CN2761877Y - Scroll compressor axial seal structure - Google Patents

Abstract

An axial sealing structure of scroll compressor is composed of casing, scroll assembly and floating part. The shell comprises a first shell and a second shell. An accommodating chamber is formed in the first shell, and a separator is arranged in the accommodating chamber. In addition, the scroll component is composed of a static scroll and a dynamic scroll, a compression chamber is formed between the two scroll pieces, the static scroll is arranged in the first shell, a bulge part is arranged on the back surface of the static scroll, and a vent hole communicated with the compression chamber is arranged on the bulge part. A floating piece is arranged between the separating piece and the static scroll, the floating piece is provided with a communication hole and a concave part, the communication hole is arranged corresponding to the vent hole of the static scroll, the concave part is correspondingly matched with the convex part, a sealing component is arranged between the concave part and the convex part, and a back pressure chamber is formed; therefore, the assembly procedure can be simplified, the assembly easiness can be increased, the product quality can be improved, and the cost can be reduced.

Description

Scroll compressor axial seal structure

technical field

The utility model provides an axial sealing structure of a scroll compressor, in particular relates to a scroll compressor shaft which can simplify the assembly procedure of the scroll compressor and increase the ease of assembly, improve product quality and reduce assembly cost. To the sealing structure.

Background technique

The scroll compressor is mainly composed of two scroll-type scroll parts, one of which is fixed, called the fixed scroll, and the other scroll is corresponding to the fixed scroll for orbital motion , called Orbiting Scroll. The vortex blades of the two scroll parts mesh with each other to make the working fluid enter the compression chamber from its suction port, and then through the continuous rotation of the movable scroll, the working fluid is compressed and pushed, and then spit out from the vent hole of the static scroll. Thus, the compression stroke of the working fluid is completed. Because the volume of the working fluid decreases and the pressure increases during the compression stroke, axial air pressure, radial air pressure and tangential air pressure are generated between the two scroll members, wherein the axial air pressure will make the two scroll members Separation along the axial direction, while the radial air pressure and tangential air pressure will produce an overturning moment. In addition, the pressure difference between the compression chambers will cause the working fluid to leak from the end surfaces of the two scrolls or the side surfaces of the vanes, thereby reducing the volumetric efficiency of the compressor. In addition, when encountering abnormal high pressure (such as liquid compression) or foreign matter entering the compression chamber, the scroll blade will be deformed or the wall surface will be scratched; in addition, another reason that affects the service life and sealing effect of the compressor is that The assembly structure among the various components, so how to improve the volumetric efficiency of the compressor, reduce the damage of scroll parts and the assembly structure has become an important subject to be studied by those skilled in the art.

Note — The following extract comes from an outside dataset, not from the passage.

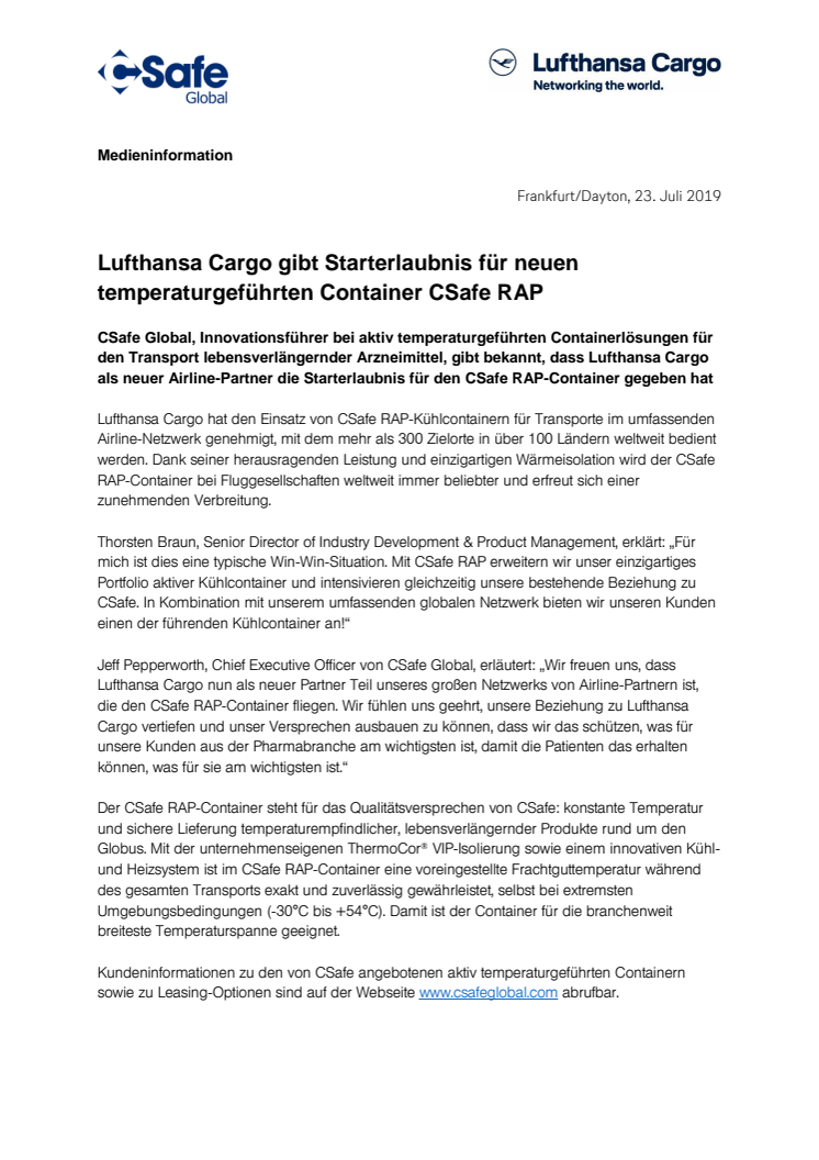 CSafe Global, Innovationsführer bei aktiv temperaturgeführten Containerlösungen für den Transport lebensverlängernder Arzneimittel, gibt bekannt, dass Lufthansa Cargo als neuer Airline-Partner die Starterlaubnis für den CSafe RAP-Container gegeben hat
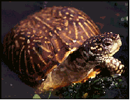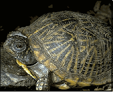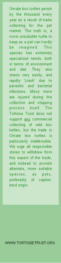 Ornate box turtles are among the most sensitive and difficult of North American species to maintain successfully. We do not recommend this species for beginners. They inhabit a variety of environments, from grassy plains to damp forest floors. They make extensive use of burrows and microclimates. Glass aquarium tanks are categorically not appropriate for this species. They do best in carefully landscaped outdoor enclosures, or in large, indoor terraria with adequate substrate depth. For a substrate, we recommend light peat-based potting compost mixed with damp sphagnum moss. This should be at least 3-4" (75-100 mm) deep. It is imperative that Ornate box turtles are not allowed to become dehydrated - so dry tanks with excessive heat are a major source of problems. Ensure that box turtle habitats are provided with plenty of shade, have a shallow 'soaking' tray of fresh, clean water permanently available, and that temperatures are maintained from 80-85 ºF in one area to approximately 70 ºF in another. On no account over-heat or allow dehydration to occur. Spray the area regularly and ensure that the substrate retains adequate humidity at all times. Environmental problems usually manifest as swollen and infected eyes, ear abscesses and kidney diseases. As virtually all box turtles sold are wild-caught, parasitic diseases are also very common. Look out for Bot fly larvae infections, flagellate infestations and nematodes (intestinal 'worms'). All will require treatment from a specialist veterinarian. Ornate box turtles are highly carnivorous. Provide calcium-dusted crickets, mealworms, waxworms and earthworms on a regular basis. Pinkie mice are also very important. Over-ripe fruits and green-leaf salads are also essential.

The well-known scroll compressor axial sealing structure, such as U.S. Patent Publication No. Re.35216, is mainly provided with an annular groove (Cavity) on the back of the static scroll, and an annular floating member is arranged in the groove. The component has at least two lip-shaped sealing rings, and each sealing ring abuts against the inner and outer walls of the groove respectively, and uses the scroll assembly to guide the working fluid and generate back pressure, so that the static scroll is close to the On the movable scroll, the effect of axial sealing is achieved.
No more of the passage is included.